Now, this is a little bit different than simply a web type application. In this case, what we're talking about is virtualizing. The OS itself so when we're talking about that, there's two different ways to do that. And the first is virtual desktop environment. A virtual desktop environment is also known as old school Remote Desktop. In this particular situation, we have a local client that is taking control of some kind of remote system.

This remote system is not virtualized, it's a real computer, like my desktop in my office. If I access this system with some type of remote terminal tool, if anybody walks up to my computer, the computer is not going to like that because it's going to go Wait a minute, somebody is remotely connecting in at this particular moment. These types of remote desktop tools have been around for forever. The Windows Remote Desktop protocol has been popular since the arguably the late 1980s. One of the nice things about something like this though, is that we can do some interesting stuff like here, I've got my little Android right here. And what I want to do is I want to remote desktop into my system in my office.
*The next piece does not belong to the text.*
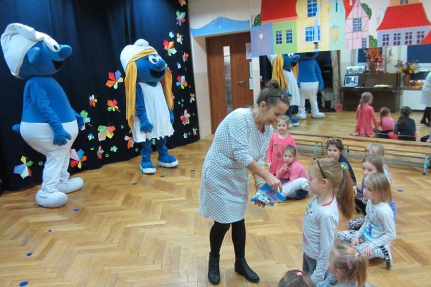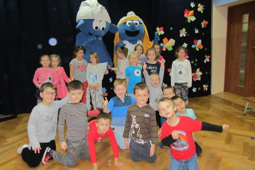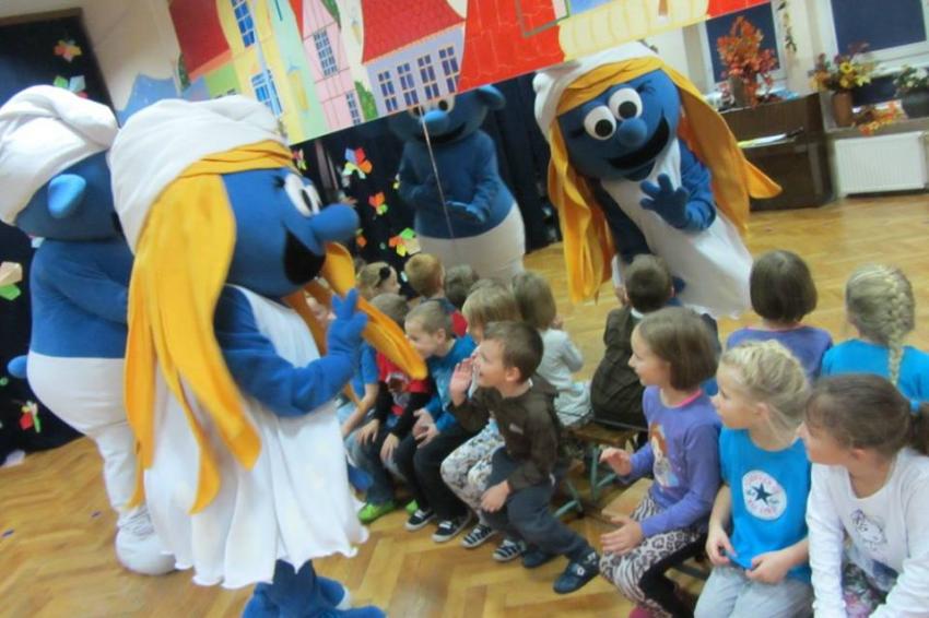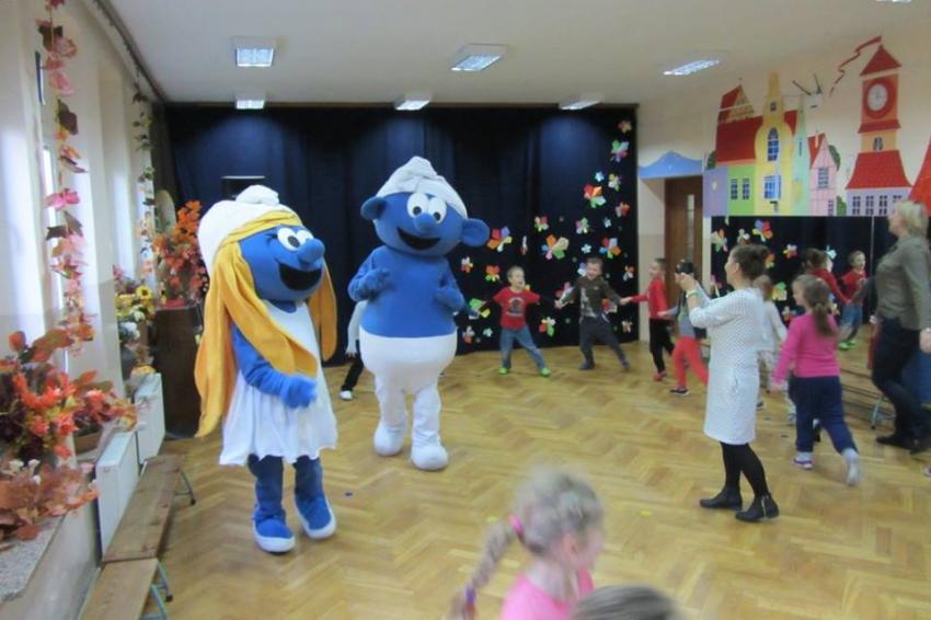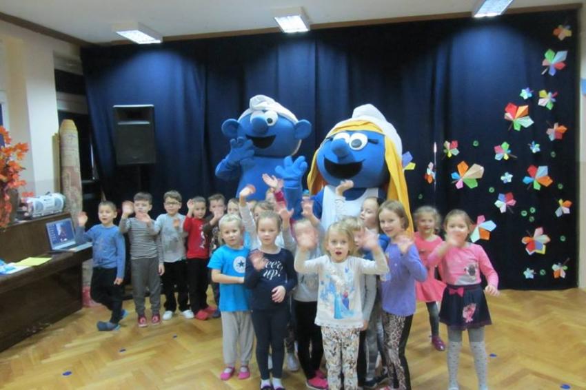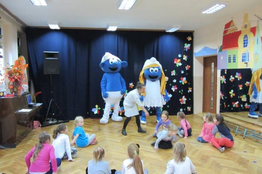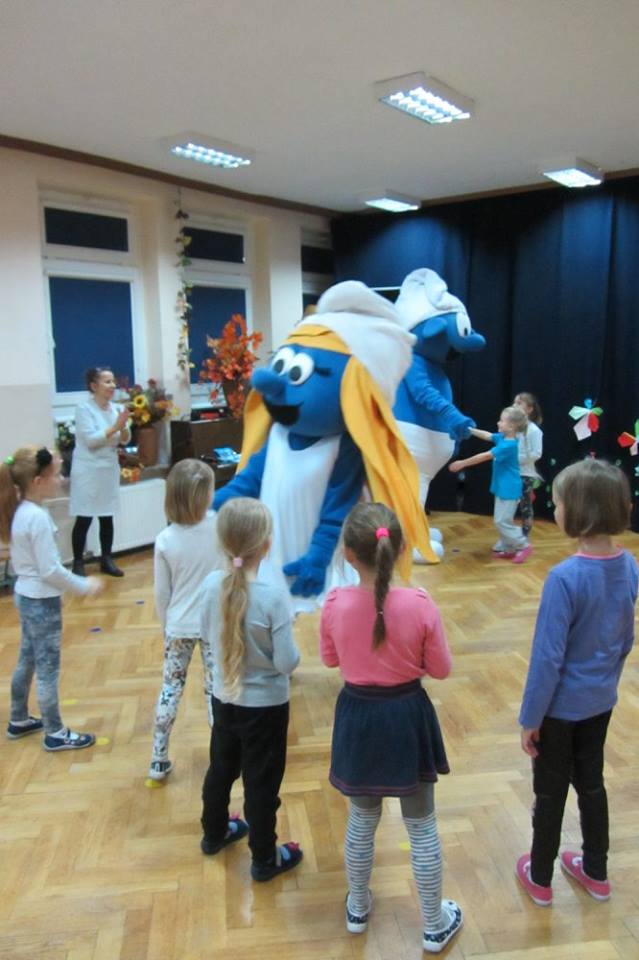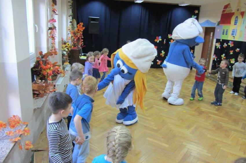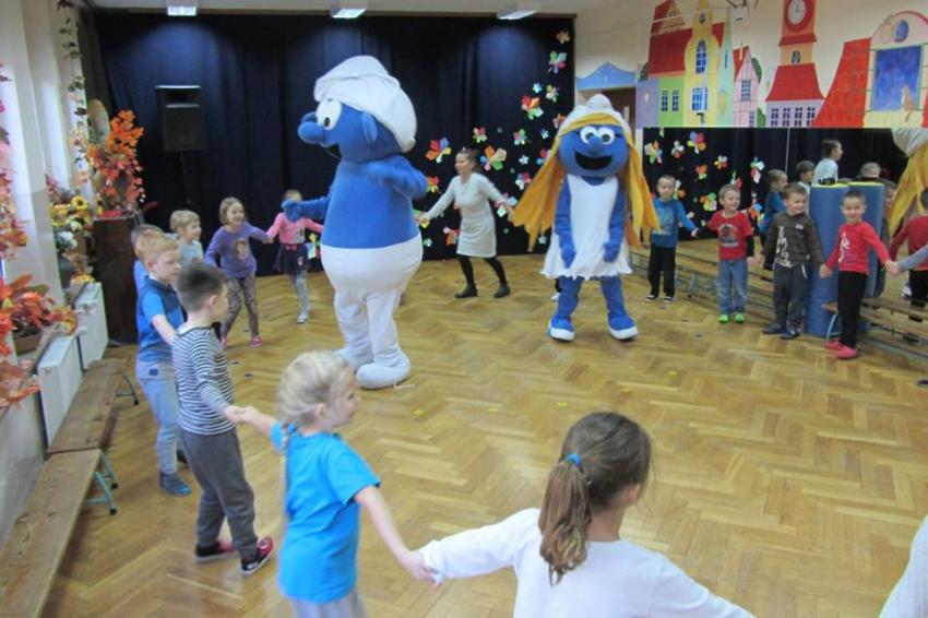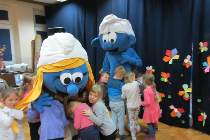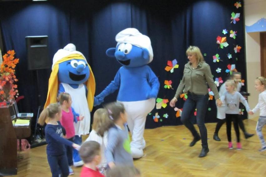 Impreza animacyjna „Smerfy” zorganizowana przez mamę Noeli.Smerfy zatańczyły z całą grupą dwa tańce: „A ram zam zam” i „ Chocolate Choco choco”. Odgadywały zagadki zadawane przez Smerfetkę i Smerfa Ciamajdę.Otrzymały nagrody w postaci malowanek i pianek smerfowych.

So it's pretty easy to do. I've already logged in and everything So you already knows I'm here. And I'm actually on the Windows system. Yes, I'm running Android on here. But if you were to take a look at this screen, there's nothing Android about the screen at all is there? It's all there.

All my icons on Yes, I have a messy desktop with a lot of icons, I can actually start up applications. I assure you, I don't have Microsoft Word on this Android. The important thing to keep in mind in this situation is he's really nothing more than a terminal. It's nothing more than keystrokes, mouse movements, which are manifested through my finger and an actual interface to the screen itself. So there's not a lot of work involved with this type of virtual desktop environment. Now, let's take this idea and take it one step further.

What if I took some type of local system and instead of connecting to a real machine, what if I connected to a virtualized machine in the cloud? in that type of situation, I would have some interesting controls. For example. I don't really have to Have any operating system on here at all, I'd have to have some type of virtualized hypervisor or something like that. So I could load something. But really all I would need is a terminal tool.

And that's what virtual desktop integration is all about. So let's take a look at the screen that I have right here. If you look at this, I've just got a little copy of Ubuntu running on top of Windows. Now, what if I did something like this? It takes a minute, but it gets there. If you look at the screen, there's nothing to tell you that you're actually running Ubuntu in a virtual machine.

On top of Windows. Yeah, okay, there's a little tab here. We can make that go away. And now to the common user, all that they're seeing is a desktop. And this is the power of VDI in a VDI environment. You can deploy complete operating systems.

People don't have to have a zillion copies of something. They just have a terminal tool that's on whatever they want a tablet, a phone laptop, whatever it might be, or desktop, and they can log in and connect to they're always running always in one place virtual machine. So when it comes to deployment deployment isn't locked in only for web applications. We can also do it for operating systems. Make sure you're comfortable with the idea of VDP versus VDI.